S.M. contends that the judge gave inadequate consideration to alternatives short of termination of her parental rights. But she points only to the Division's failure to complete an investigation of a relative and a family friend prior to trial. It is clear, however, that neither of those persons qualified for the Kinship Legal Guardianship program because they had not cared for the children. N.J.S.A. 3B:12A-5b(10). The law guardian for Sam and Sue, whose argument focuses solely on the balance of harm and good that will come from the fourth prong, does not point to any alternative to termination the judge or Division overlooked.
Both parents argue that the court erred in concluding that termination of their respective parental rights will not do more harm than good to John and Judy. We have considered their arguments on this point in light of the record and found them to be without sufficient merit to warrant discussion in a written opinion. R. 2:11-3(e)(1)(E). The judge's determination on this issue is based on findings of fact that are adequately supported by the Division's expert testimony. R. 2:11-3(e)(1)(A).

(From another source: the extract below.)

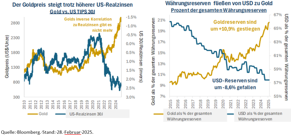 Hinter dieser Entwicklung verbirgt sich ein grundlegender Wandel in der Rolle von Gold und anderen Sachwerten für Anleger und politische Entscheidungsträger im Vergleich zum US-Dollar und zu US-Vermögenswerten. Erstens ist eine Entdollarisierung in den Ländern im Gange, vor allem in den BRICS-Ländern, wobei China seine US-Schatzbestände in den letzten zehn Jahren um 38% reduziert hativ. Die Streichung der US-Schatzbestände Russlands nach der Invasion in der Ukraine hat diesen Trend noch beschleunigt. Unterdessen häufen viele Länder weiterhin Goldreserven an. Wie das obige Schaubild zeigt, ist der Anteil der US-Dollar-Reserven an den gesamten Devisenreserven in den letzten zehn Jahren um 8,6% gesunken, während der Anteil des Goldes um 10,9% gestiegen istv. Zweitens sind die USA selbst mit Risiken für ihre Finanzlage konfrontiert, was die Nachfrage nach Gold als sicherem Hafen ankurbeln dürfte. Der US-Dollar tendiert seit Trumps Amtsantritt inmitten erneuter Sorgen über eine Verlangsamung des Wachstums und eine mögliche Stagflation angesichts der anhaltenden Inflation nach unten. Die Aussicht auf weitere Zinssenkungen in den USA hat sich zwar abgeschwächt, doch halten wir Zinserhöhungen nach wie vor für unwahrscheinlich. In der Zwischenzeit dürfte sich das Defizit weiter ausweiten. Das Anfang März verabschiedete US-Ausgabengesetz sah Steuersenkungen in Höhe von 4,5 Billionen USD und Ausgabenkürzungen in Höhe von nur 2 Billionen USD vor, wodurch die Staatsverschuldung um 2,5 Billionen USD anstiegvi. Trotz der Bemühungen des neuen Department of Government Efficiency (DOGE) steigt die Verschuldung der USA weiter an, so dass die Schuldenlast bis 2025 auf über 1 Billion USD ansteigen wirdvii, was das Risiko für Gold nach oben verschiebt.

The more difficult question is whether termination of S.M.'s parental rights will do more harm than good to Sam and Sue. S.M. and the law guardian for Sam and Sue argue that Judge Melendez erred in concluding that it will not.*fn3
Judge Melendez relied on Dr. Sigafoos's testimony and her determination, well-supported by the record, that as long as S.M. remained in the lives of these children they would continue to believe that return to her care was an option and sabotage their chances for normal lives with caring adults. The judge relied on a case in which the Supreme Court recognized that "termination of parental rights must precede the permanency plan" in some cases where a child might not be adoptable at the time of trial. N.J. Div. of Youth & Family Servs. v. A.W., 103 N.J. 591, 611 (1986). Recognizing that Sam's and Sue's prospects for adoption were not good, the judge concluded: "If parental rights are not terminated, the fate of these two children will be to languish in foster care until they reach the age of majority." She determined that this alternative would most certainly do more harm than good because S.M. is not an option for them. As Dr. Sigafoos explained, aside from adoption, the connection with S.M. is not only a barrier to permanency but also to helping Sam and Sue deal with their disorders. While the question was close, the judge's findings were supported by the record and her determination that severance of their ambivalent and insecure bond with S.M. would not do more harm than good clearly was not so wide of the mark as to indicate a mistake was made.